Il demande 400 XMR (165 k$), mais ce qui est vraiment intéressant, ce sont les chiffres APRÈS la virgule.
Il y a 12 décimales qui sont générées en même temps que le compte Session et servent d’identifiant unique. Quand tu envoies exactement ce montant, Cyberleek détecte la transaction sur la blockchain, extrait les décimales, recalcule l’ID Session correspondant et te contacte.
D’après le site, c’est purement mathématique/cryptographique côté client. La page génère un ID de 12 chiffres lié mathématiquement au compte Session. Comme Monero cache les montants, seul Cyberleek peut déchiffrer le montant reçu et retrouver ton Session ID. Aucun stockage serveur de l’ID n’est nécessaire avant le paiement.
Il précise d’ailleurs qu’il faut absolument envoyer les fonds depuis un wallet personnel (Cake Wallet, Feather...) et non depuis un exchange, sinon les décimales risquent d’être arrondies et il ne pourra jamais te retrouver.
Je trouve que c’est un système plutôt élégant, et on retrouve d’ailleurs le même niveau de sophistication au niveau de l’infrastructure.
Leur site ne peut quasiment pas être mis hors ligne durablement, car il est hébergé de façon décentralisée sur Arweave (stockage permanent et immuable sur blockchain) et que son contenu est accessible via de nombreux gateways du réseau ar(dot)io.
Ces gateways sont des portes d’accès qui servent le même fichier HTML stocké sur Arweave. Faire tomber un gateway (ou même plusieurs) ne change presque rien puisque le site restera accessible sur tous les autres, et que de nouveaux miroirs pourront apparaître en quelques minutes.
Tous ces éléments font que je suis convaincu que Cyberleek est un groupe et non une seule personne, et vu le mode opératoire, que ce sont des pros. Leurs connaissances en cryptographie et en utilisation de technologies décentralisées laissent penser qu’on est loin de simples script kiddies ou de hackers qui piratent uniquement via social engineering. Il y a là-dessous une vraie maîtrise technique.
Le côté un peu enfantin / trolling laisse penser le contraire, mais le côté technique ne fait aucun doute.
Même chose dans la manière dont ils gèrent leur communication : tout passe par leur site internet. Ils évitent volontairement tout réseau social qui pourrait laisser des logs et compromettre leur identité.

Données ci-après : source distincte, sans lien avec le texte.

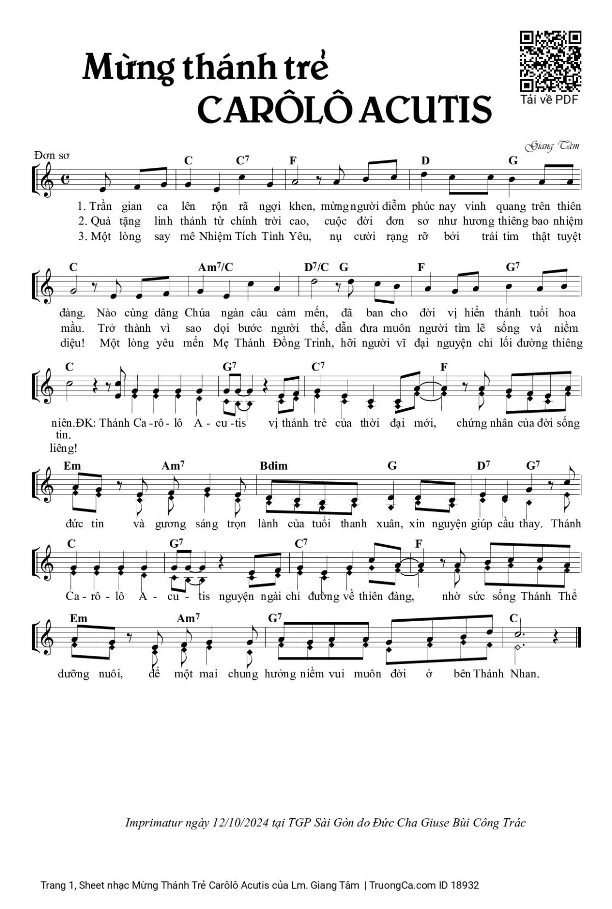 More similar sheets PDF Mừng Thánh Trẻ Carôlô Acutis:

No, it’s not on the deep web. It’s hosted on Arweave, which is a blockchain made for permanent storage. They call it the « permaweb ».
You access it on the normal web through gateways. Gateways are just different URLs that serve the same content, like:
- « cyberleek . randomgateway . abc »
- or direct links with the TXID (the unique ID of the file on Arweave).
Some gateways have started blocking it, but others still work. The data itself stays on Arweave. Only the access points get restricted one by one.
@benpadek Je ne sais pas trop, mais j’aurais tendance à penser que non, car le seul État qui a un style Web3 vraiment natif, c’est la Corée du Nord avec le Lazarus Group, et ça ne ressemble pas du tout à leur style.
@TheDocDev Je ne suis pas analyste on-chain, mais brûler les tokens des devs ne prouve pas grand-chose. C’est toujours mieux, mais ils ont très bien pu acheter le token à bas prix avec des wallets frais quand il ne valait rien et accumuler discrètement un grand nombre de tokens.